To be sure, the Qur’an condemns certain beliefs and practices of Christianity. As Thomas Wienandy observed, the Qur’anic condemnation led to a theological pushback from Christian intellectuals. The particular historical configuration of this period will sound unfamiliar to contemporary readers. The social matrix where theological debates and concerns were expressed had Jews partnering with Muslims in a joint aversion to Christianity’s Trinitarian belief. Both Muslims and Jews shared a close bond due to their rigorous affirmation of strict monotheism. Christians were seen as less connected to either Muslims or Jews.
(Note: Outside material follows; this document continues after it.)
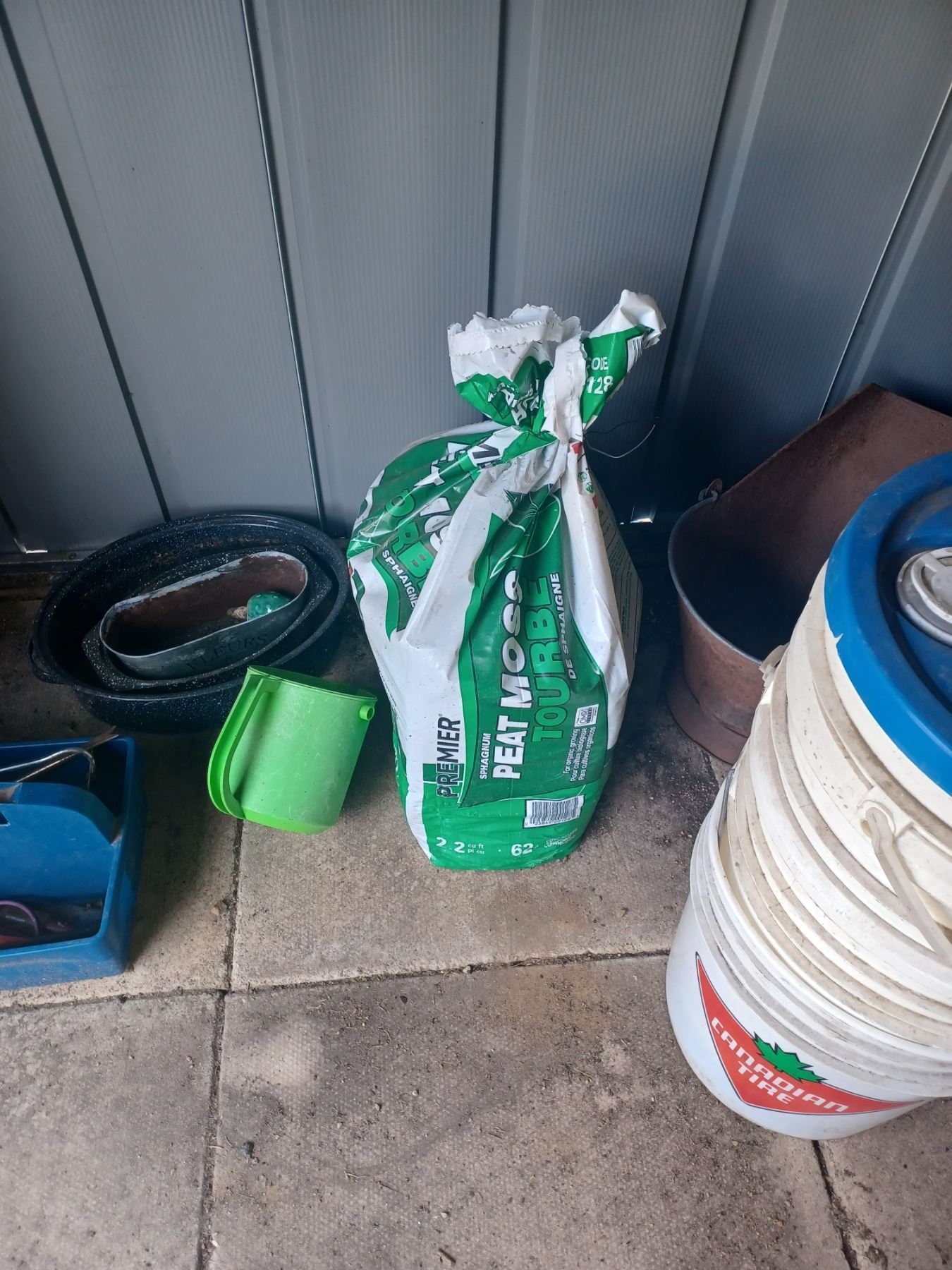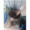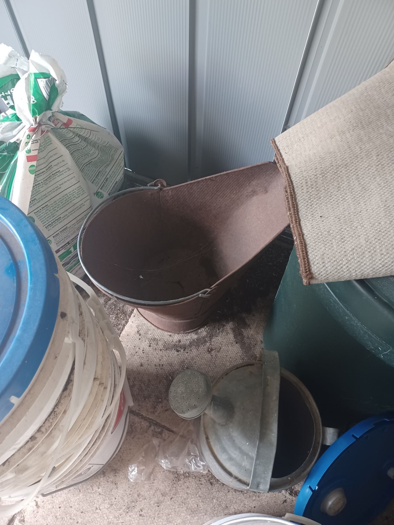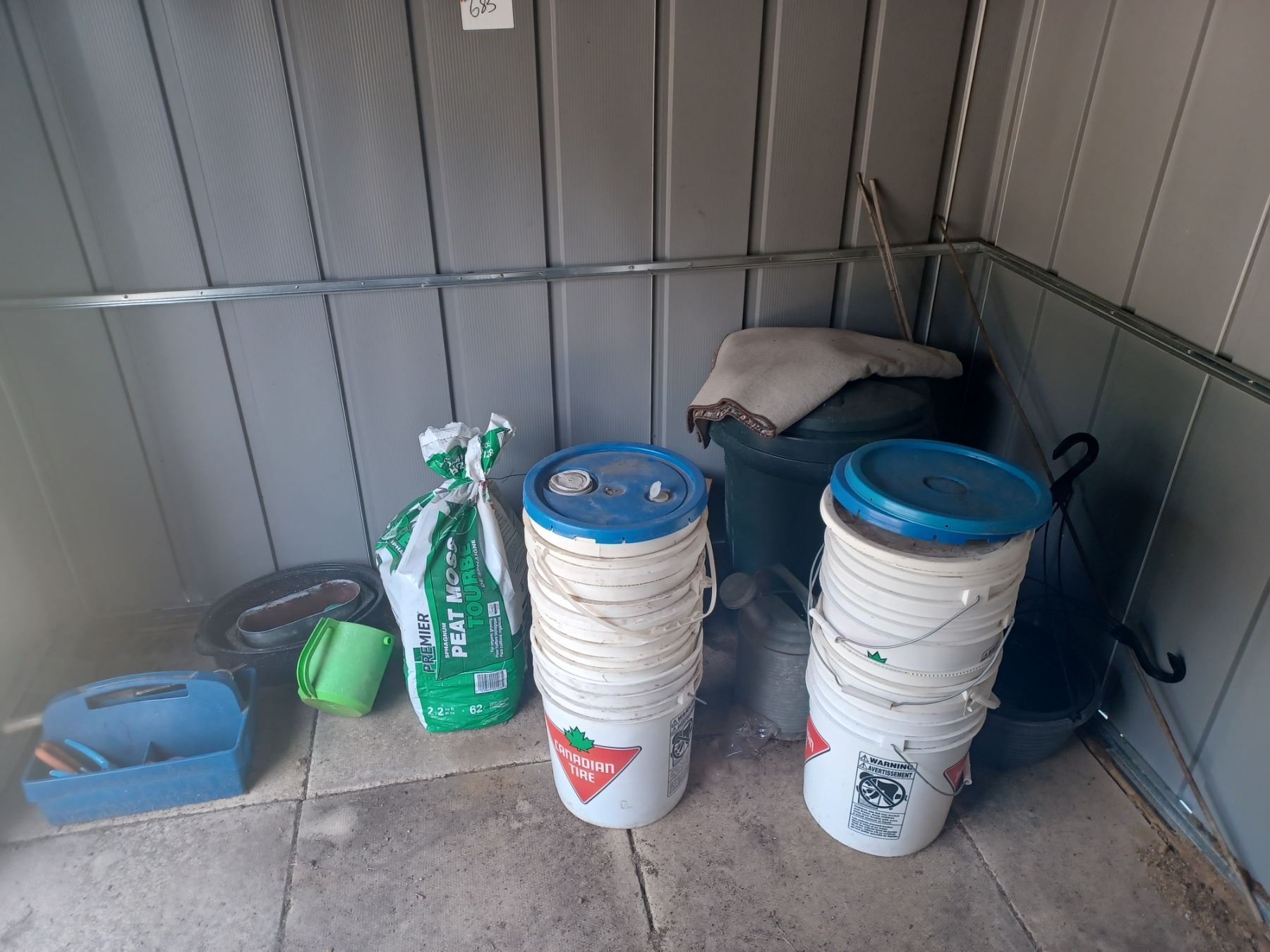 EIGHT PAILS, METAL WATERING CAN, HANGING PLANTERS, GARBAGE CAN, GARDENING TOOLS. PLEASE SEE IMAGES F

With regard to the presence of Judaism and Islam, Wienandy writes, “it is worth reminding ourselves that the novel revelation of Islam only reinforced the original Jewish insistence that God is one, which had figured trenchantly in the early elaboration of Christian doctrine. Why else can we surmise that it took four centuries to clarify the central teaching of Christianity about Jesus (Chalcedon, 451) out of which a full-blown trinitarian doctrine emerged?”7 This affinity between Muslims and Jews was not only on the level of theology but also socially and experientially. Jews suffered early under the seventh-century Visigothic kings Recared I, Sisebut and Chinthila. Later on, Muslims and Jews shared the same fate in the fifteenth century Catholic-led Spanish Inquisition. Anti-Trinitarian heresy targeted Muslims and Jews. It is for these reasons that, at least historically, Muslims and Jews were far closer to each other than they were with Christians.